No Longer a Scarce Commodity

Electric cooperatives attract, improve grocery stores in small-town America

In Jackson, S.C., officials break ground for the first grocery store to open in a decade, thanks in part to a federal pass-through loan from Aiken Electric. (Photo By: Stuart Walker)
In Jackson, S.C., officials break ground for the first grocery store to open in a decade, thanks in part to a federal pass-through loan from Aiken Electric. (Photo By: Stuart Walker)

As a youngster in tiny Jackson, South Carolina, Kenny Brown remembers the weekly 40-mile roundtrip haul to the closest supermarket for groceries and supplies.

“If you forgot something, you would have to start making a list and wait a week, or ask a neighbor,” said Brown, key accounts manager at Aiken Electric Cooperative.

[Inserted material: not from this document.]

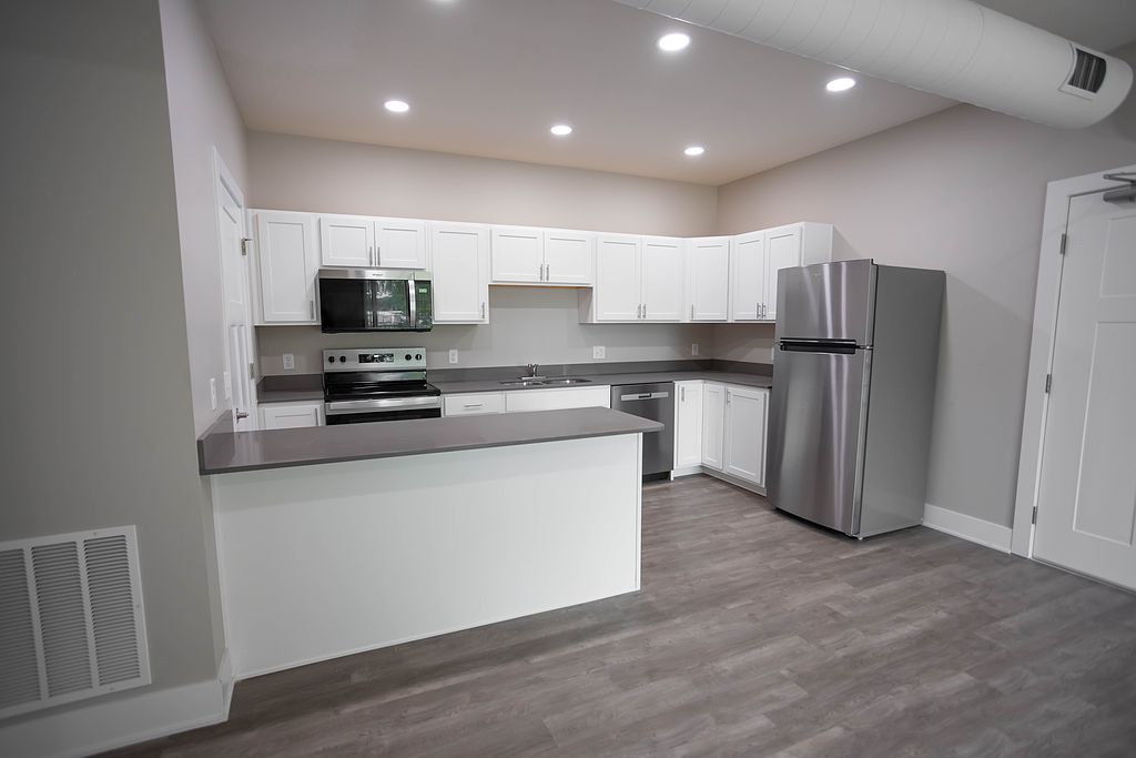 Experience modern living at the brand-new Riverbend Apartments. These high-efficiency, all-electric homes offer three bedrooms and two bathrooms with 9' ceilings for a spacious, open feel. The full kitchen features stainless steel appliances, quartz countertops, and durable LVP flooring throughout main living areas, while bedrooms include plush carpet and ceiling fans for comfort. Enjoy the convenience of an in-unit stacked washer and dryer and onsite mailboxes.

Brown now lives in Aiken County with his family, but a “food desert” still exists in Jackson. That’s an area where at least 500 people, or at least 33 percent of the population, live more than 1 mile from a large grocery store, according to the U.S. Department of Agriculture. Jackson is home to 1,700.

“It can be an all-day affair,” Brown said of the hour-long roundtrip trek for fresh produce and meat at the nearest supermarket in Aiken. “For me, if I want something, I can go out and grab it.”

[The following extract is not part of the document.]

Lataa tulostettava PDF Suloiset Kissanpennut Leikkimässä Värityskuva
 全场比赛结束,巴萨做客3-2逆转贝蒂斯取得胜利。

A nearby dollar store sells some groceries, “but it’s more like a gas station convenience store. It’s not a place to get meat or eggs,” said Brown.

Jackson’s days as a food desert—an urban or rural area lacking access to healthy food—are about to end, thanks in part to Aiken Electric. Just in time for the Christmas holidays, a Fresh Market IGA, the first supermarket in nearly 15 years, is scheduled to open in December.

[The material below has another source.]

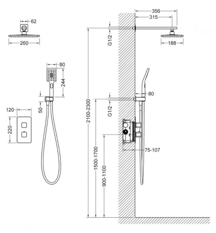 | Комплектация | Смеситель с монтажной коробкой / скрытого монтажа / с термостатом - 1 шт. Штанга тропического душа с декоративным отражателем - 1 шт. Тропический душ (пластик) - 1 шт. Ручная лейка (пластик) - 1 шт. Держатель ручной лейки с подключением душа (латунный) - 1 шт. Декоративная накладка смесителя (латунная) - 1 шт. Ручка дивертора - 1 шт. Ручка управления термостатом - 1 шт. Шланг душа 1,5 м - 1 шт. Инструкция - 1 шт. |

A full-service grocery store has been Jackson Mayor Todd Etheredge’s No. 1 priority for the last 10 years. The IGA deal is the town’s third attempt at bringing one to the area.

“It got to the point where people were asking me, ‘When are you going to bring us a store?’ The local IGA will mean a lot to the community,” said Etheredge. “For one thing, it’ll mean jobs,” about 30 to 50 part- and full-time positions.

Etheredge credited a $350,000, pass-through federal loan from Aiken Electric, and other incentives approved by the county council, for attracting the store to Jackson, a bedroom community outside Augusta, Georgia.

“The sad truth of the matter is that people need incentives to come to the community,” said Etheredge, who noted that Aiken EC went “the extra mile” in helping the Jackson area, where about 1,000 co-op members live.

The last decent grocery store serving Jackson and its surrounding areas went out of business 13 years ago. The independent store was a community fixture for 50 years, said Brown, adding “we all worked there at some point in our lives.”

But 13 years ago, the owners retired and their daughter didn’t want to take over the business.

In Hazelton, N.D., Shirley Reese, manager of Main Street Market, said the size and selection of produce is unusual for a store this size. (Photo By: Verda Seeklander)
In Hazelton, N.D., Shirley Reese, manager of Main Street Market, said the size and selection of produce is unusual for a store this size. (Photo By: Verda Seeklander)

In rural areas, residents can be more than 10 miles from a major supermarket, according to the USDA. In North Dakota, that distance rises to nearly 50 miles, according to the North Dakota Association of Rural Electric Cooperatives.

“A few years ago, we started getting larger-than-normal requests for help from rural grocers and began wondering whether something had shifted in their industry,” said Lori Capouch, rural economic director at the statewide in Mandan. “For example, we learned that of 134 stores in populations less than 2,100, seven had closed.”

That’s when the co-op association formed the North Dakota Rural Grocery Initiative, which consists of grocers; North Dakota State University and Dakota College; the North Dakota Farmers Union; the USDA Rural Development state office and Northern Plains Electric Cooperative in Cando.

“Our goal is to help grocers become successful,” said Capouch, by tackling barriers to staying in business with technical assistance, grant-writing services and access to public and private resources.

One of those barriers is affordability and availability of food supply. “Little rural towns are out of the way for full-service providers, so volunteers make weekly or biweekly trips to the Wal-Mart or Sam’s Club for supplies to resell and they have to get products from convenience store suppliers at a higher cost,” said Shirley Reese, manager of Main Street Market in Hazelton, North Dakota.

But through the initiative, “I’ve learned how to negotiate and work with suppliers,” said Reese. Sales have nearly doubled. “The initiative has lots of networking and we reach out to grocers to give them tips.”

If a grocery store closes, it has “a snowball effect,” said Reese. “Families move out, restaurants leave and schools close. People won’t want to live here and what happens is that the place becomes a ghost town.”

When the 15,000-square-foot Fresh Market IGA opens in Jackson, South Carolina, Etheredge is hoping for new people and new development. “It will be a lot easier to sell homes if they know they’re near a grocery store,” he said. “We’re hoping the store will kick start our little town.”

Victoria A. Rocha is a staff writer at NRECA.